The Green Age of Asher Witherow
- First edition cover
- Author: M. Allen Cunningham
- Publisher: Unbridled Books
- Publication date: October 7, 2004
- ISBN: 1-932961-00-3

= The Green Age of Asher Witherow =

2004 novel by M. Allen Cunningham

The Green Age of Asher Witherow is the debut novel of M. Allen Cunningham, published in 2004. It is the story of Asher Witherow, a boy born in the coal mining town of Nortonville, California in 1863. The story is framed as a memoir, penned by the elderly Witherow in the spring of 1950, long after the book's events occurred, and many years after the community of Nortonville ceased to exist.
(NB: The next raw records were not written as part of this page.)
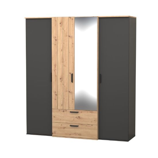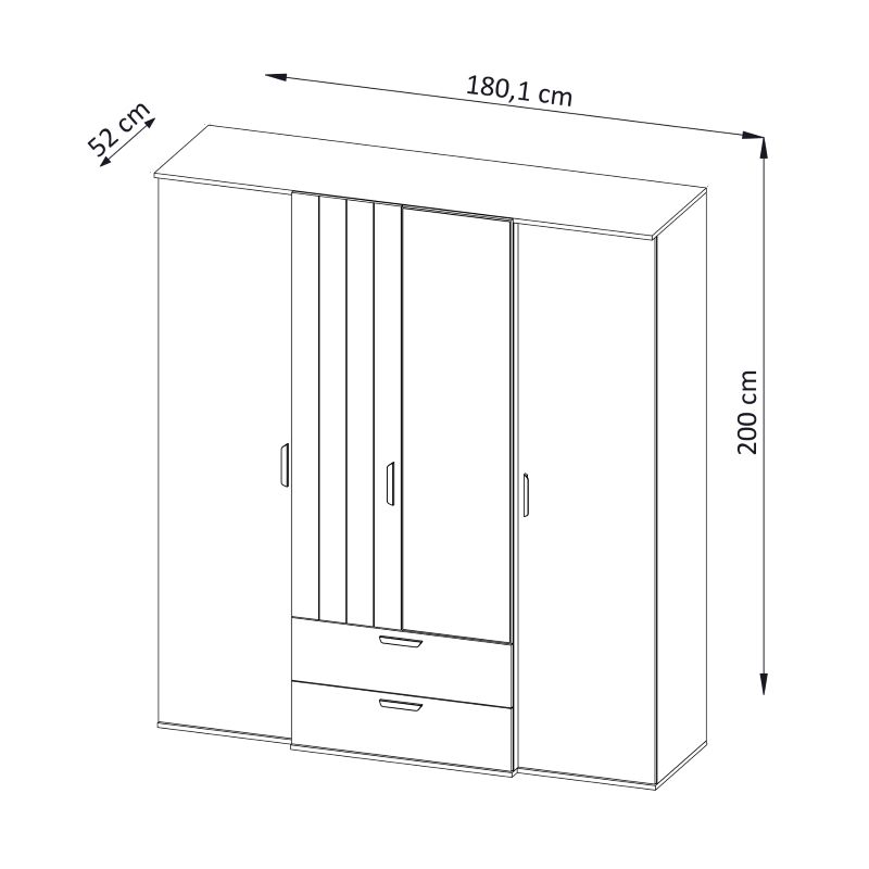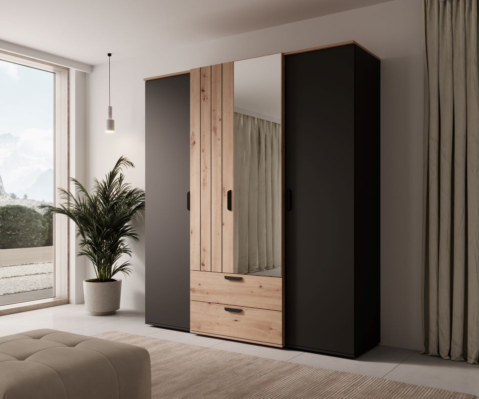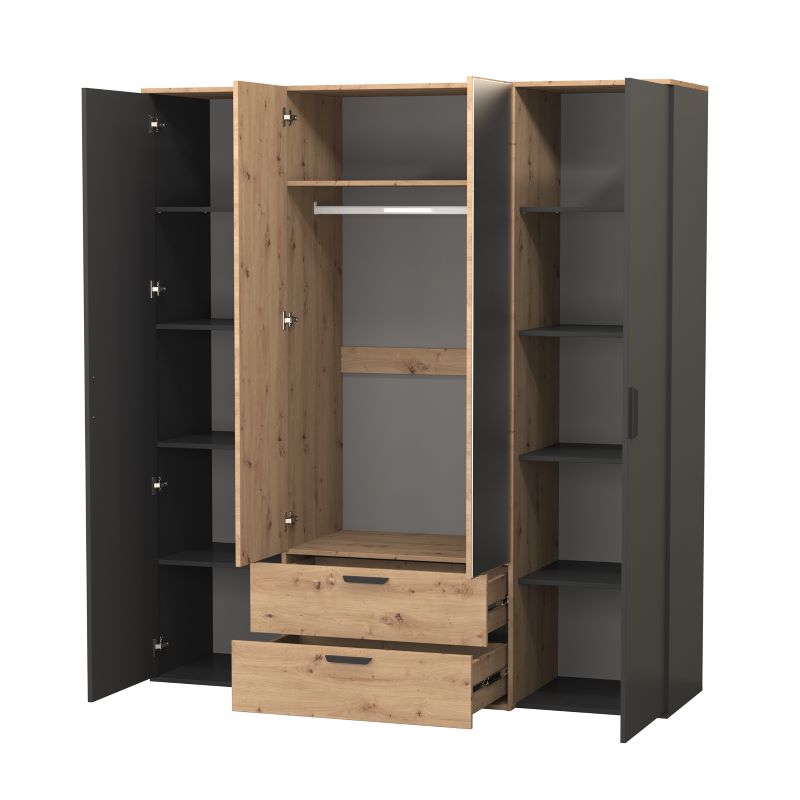 Praktyczność to kolejna cecha, która wyróżnia szafę Alanis spośród innych mebli. Ten model posiada cztery uchylne drzwi, które umożliwiają łatwy dostęp do wnętrza szafy. Dodatkowo, wewnątrz znajdują się półki, na których można przechowywać ubrania, akcesoria lub inne przedmioty oraz drążek na ubrania. Dwa dodatkowe schowki w postaci szuflad to doskonałe rozwiązanie dla tych, którzy potrzebują dodatkowej przestrzeni do przechowywania drobiazgów.
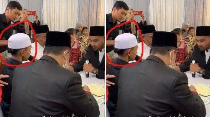 Selain itu, terlihat duduk seorang penghulu dan dua pria yang terlihat lebih tua di sisi kiri dan kanan calon mempelai pria serta bocah yang menjadi wali calon pengantin perempuan.
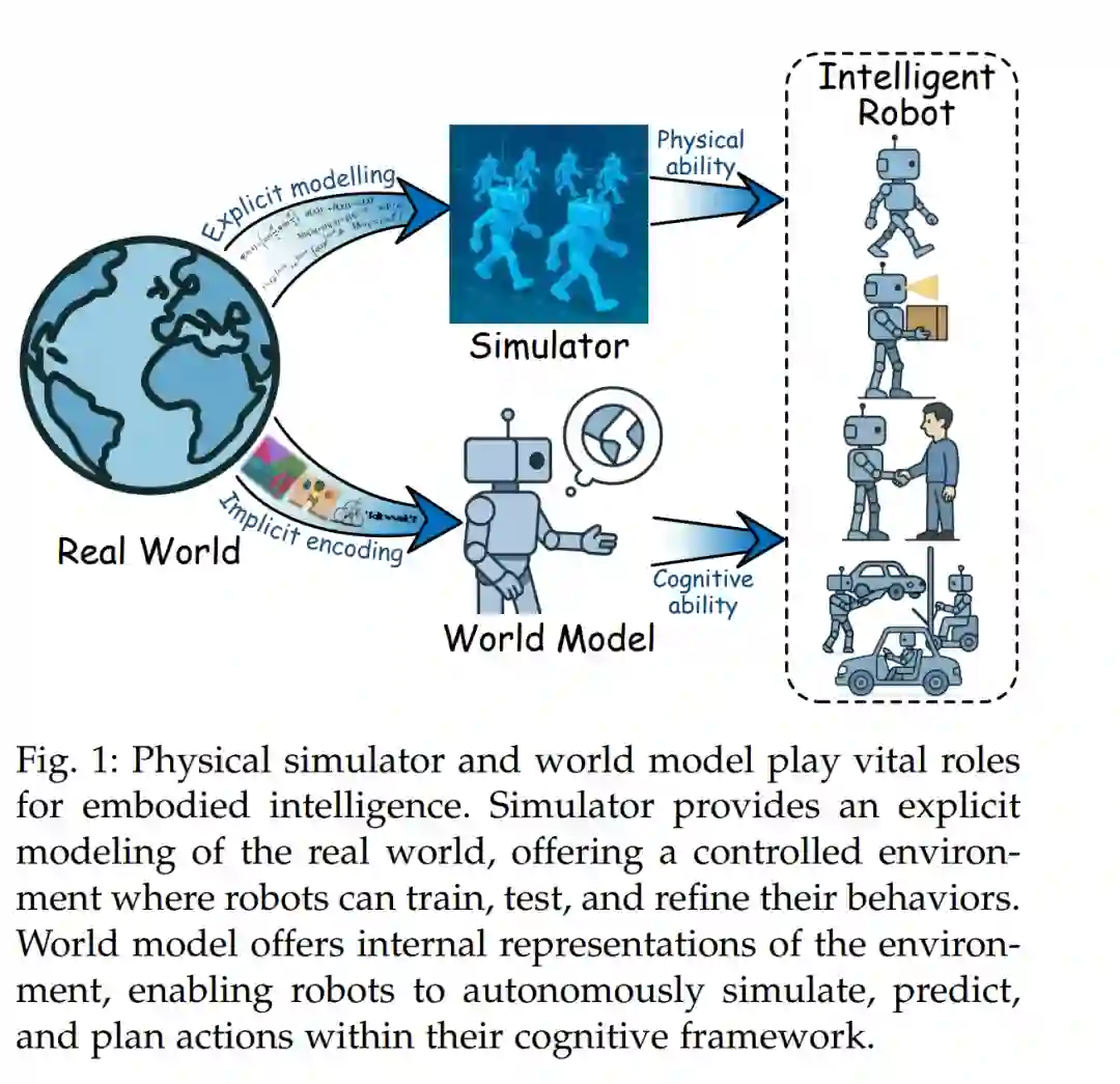 第 4.1 节:主流模拟器综述 * 第 4.2 节:物理仿真能力 * 第 4.3 节:渲染能力 * 第 4.4 节:传感器与关节组件支持 * 第 4.5 节:讨论与未来展望 * 第 5 节: 介绍世界模型的代表性架构与核心作用。
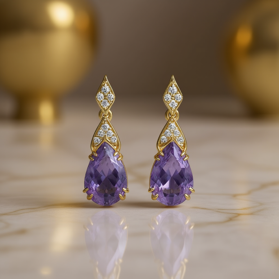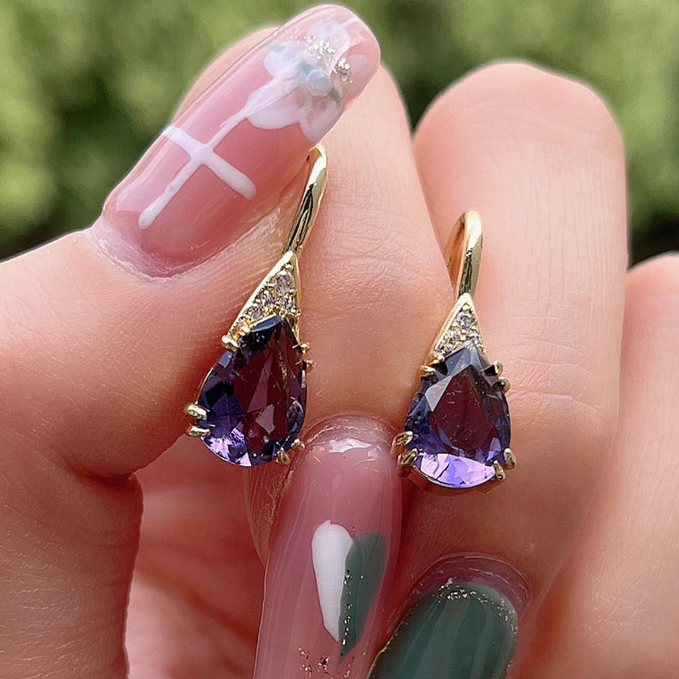 E1924 Purple Diamond Earrings 18K Solid Gold Amethyst Pear Cut Women's Classic Party Jewelry
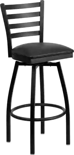 The metal barstool is a popular choice for furnishing restaurants, pool halls, lounges, bars, and other high traffic establishments. The Verdon black swivel barstool is easy to clean, which is an important aspect when it comes to a business. This ladder back barstool was designed to withstand the daily rigors in the hospitality industry, but will also provide a chic look to your home. The thick foam padded seat will keep users comfortable. The 360 degree swivel seat allows you to swing around effortlessly. The frame is stabilized using two welded support bars which includes a footrest. The floor glides help protect your floors and ensure smooth gliding. The simple and lightweight design of this barstool will not disappoint whether used for residential or commercial grade use. Assembly required.
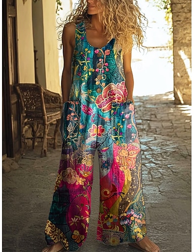 Per donna Tuta Attivo Floreale Senza Maniche Senza maniche Gamba larga Collo a U Tasca Bottoni Quotidiano Vacanza Vestibilità comoda Verde Estate

Witherow, a mysterious and haunted old man of 86, shares the troubling story of his life from birth to age 20, when he left Nortonville. Central to the tale is the image of the 4,000 foot Mount Diablo, which assumes a symbolic presence for Witherow. The book's title is inspired by the poem "The Force That Through the Green Fuse Drives the Flower" by Dylan Thomas, which begins, "The force that through the green fuse drives the flower / Drives my green age; that blasts the roots of trees / Is my destroyer."

The poem's central themes of mortality, biological decay, and ecological interdependence are explored in the novel.